Stewart L. McDowell is a partner in the San Francisco office of Gibson, Dunn & Crutcher. She is a member of the firm’s Corporate Transactions Practice Group, Co-Chair of the Capital Markets Practice Group and is a member of the Steering Committee of the Securities Regulation and Corporate Governance Practice Group.
Ms. McDowell’s practice involves the representation of business organizations as to capital markets transactions, mergers and acquisitions, SEC reporting, corporate governance and general corporate matters. She has significant experience representing both underwriters and issuers in a broad range of both debt and equity securities offerings. She also represents both buyers and sellers in connection with U.S. and cross-border mergers, acquisitions and strategic investments.
Ms. McDowell received her law degree from the University of Virginia School of Law in 1995 and her Bachelor of Arts degree from Princeton University in 1991.

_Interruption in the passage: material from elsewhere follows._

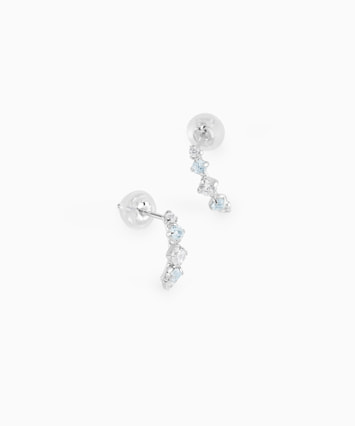 爽やかな色合いのブルートパーズピアス。柔らかなカーブが耳元のラインに沿い、こなれた印象に。交互に配置されたブルートパーズとキュービックジルコニアのきらめきが、横顔を上品に演出します。※天然石を使用しているため、ストーンの色や柄は一つ一つ異なる場合がございます。■様々なタイプのキャッチをご用意しております。ラインナップはこちら※全国のフェスタリア系列店舗にてクリーニングやアフターメンテナンスを承ります。

The Recorder has named Ms. McDowell as a “Women Leader in Tech Law” for the last three years. She is ranked by Chambers USA for Capital Markets: Debt & Equity (California). She was also named a “Top Woman Lawyer” by the Daily Journal in 2017. Ms. McDowell is a member of the California State Bar and the New York Bar Association.
Representative Public and 144A Offerings
- T-Mobile-Stock Up – customer stock rewards program and over $10 billion in note offerings.
- The Rubicon Project – initial public offering.
- YuMe – representation of Citigroup Global Markets and Deutsche Bank Securities in initial public offering.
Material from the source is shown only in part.